Last week here in New York we had the opportunity to invite a couple of dozen law firms to “An Introduction to IBM Watson” at the brand new $1-billion IBM Watson facility down on Astor Place.
This is not going to be a report on that event, except insofar as it helped advance our thinking on the general concept of “machine learning,” which was also the topic of a lead article in the current McKinsey Quarterly. That piece, An Executive’s Guide to Machine Learning: it’s no longer the preserve of artificial intelligence researchers and born-digital companies like Amazon, Google, and Netflix, is a primer on the need for machine learning in a world of big data, and how it is emerging as a mainstream management tool.
The proper starting point is simply to define “machine learning:” Here’s what McKinsey has to say.
Machine learning is based on algorithms that can learn from data without relying on rules-based programming. It came into its own as a scientific discipline in the late 1990s as steady advances in digitization and cheap computing power enabled data scientists to stop building finished models and instead train computers to do so.

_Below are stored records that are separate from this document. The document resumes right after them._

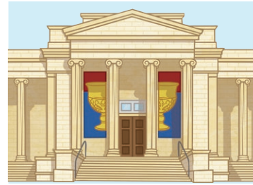
le musée (m) museum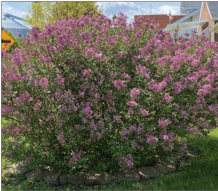
While most traditional lilacs have already bloomed (and are need in of pruning), more modern varieties like 'Miss Kim' (pictured above) are still flowering and are among the many other options for flowering shrubs.

Other species of lilacs provide the same sweet fragrance without the summertime mildew, Syringa pubescens subsp. patula 'Miss Kim', for example. Left unpruned, 'Miss Kim' can grow to 8 feet tall and wide. She blooms a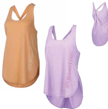
Coral (13) Lilac (25)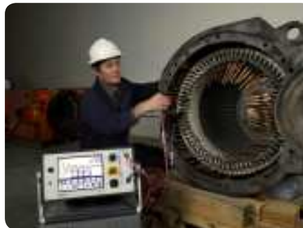
Surge testing a stator is safe with the Baker DX

The Baker DX series' range of factory configurations enables a customer to specify the tests they want. These analyzers feature: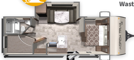
ASPEN TRAIL LE 23BH

Length: 27' 11" Weight: 5,940 lbs Sleeps: 6-8 Fresh Water: 37 gals.. Grey Water: 42 gals. Waste Water: 42 gals.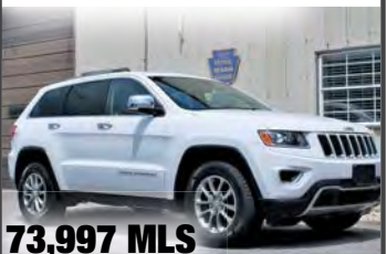
2014 Jeep Grand Cherokee Limited

Even this definition would benefit from a bit of unpacking, so let me take a stab at it with an example. For years AI researchers focused on trying to write exhaustive lists of rules to guide computers in such areas as recognizing whether a given image was a cat, yet no matter how many rules were piled on top of rules, exceptions and unforeseen situations invariably arose, at which point the system was essentially helpless—no available rule applied, so the rule set was exhausted.

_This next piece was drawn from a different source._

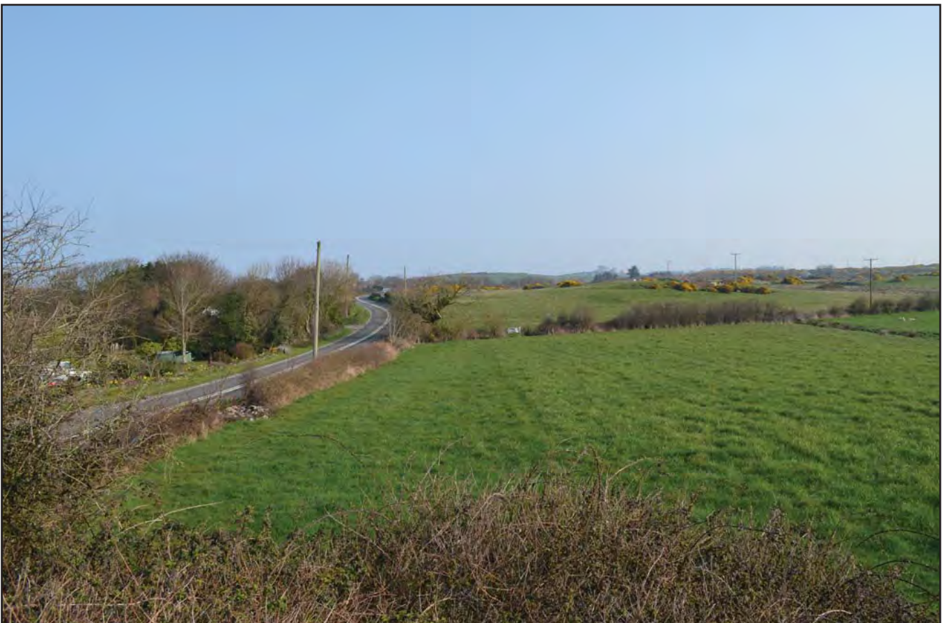
Plate 332: Route of proposed road improvement, looking from S to N across fields, viewed from outcrop E of Pandy.

Machine learning took the opposite approach: Without relying on any rules whatsoever, it simply ingested a large data set of (in this case) cat images, and began to generate its own scoring system to arrive at probabilities on whether image X was in fact a cat. Note one key difference from rules-based systems: Machine learning is designed to achieve probabilities, so whereas a rules-based system that came to a “dead end” with rules couldn’t offer any opinion whatsoever, at least machine learning could venture an opinion joined to a probabilistic confidence level.
Another point: The larger the data set the machine learning algorithm can review, the more accurate it will become (and it never forgets what it’s already seen).
I feel compelled to intercept a debate which may be going on in some readers’ minds by about this point: If you’re asking yourself the question of whether the humans or the machines will be the ultimate winners in this is, might I respectfully suggest that is massively the wrong question. As a practical matter, we simply don’t know, although that has never been the case with the introduction of major new technology before. But as an optimist and an armchair business historian, my money is on the machines providing a platform from which humans can vault to the next level of productivity, insight, creativity, and intellectual achievement.
Back to the thread.
Now, recognizing cats is obviously a trivial example, but Watson and other implementations are addressing far more sophisticated and consequential decisions. It’s probably nowhere more advanced than in assisting medical diagnoses, and those of us who could attend the event at IBM last week saw a powerful example of that type of domain expertise/functionality, which was literally life-saving.
How is machine learning different from classical statistics, including such things as regression analysis?
Probably the most important distinction is that to arrive at hypotheses about correlations, statistics has to rely on the conjectures of statisticians (or other experts in the field). As we have all learned over the past decade or so, unconscious and unrecognized biases creep in when humans are applying judgment. Here’s an example from the McKinsey article (emphasis supplied):
Closer to home, our colleagues have been applying hard analytics to the soft stuff of talent management. Last fall, they tested the ability of three algorithms developed by external vendors and one built internally to forecast, solely by examining scanned résumés, which of more than 10,000 potential recruits the firm would have accepted. The predictions strongly correlated with the real-world results. Interestingly, the machines accepted a slightly higher percentage of female candidates, which holds promise for using analytics to unlock a more diverse range of profiles and counter hidden human bias.
In other words, with classical statistics, to test hypotheses statisticians first have to have hypotheses, and that’s where human bias can come in.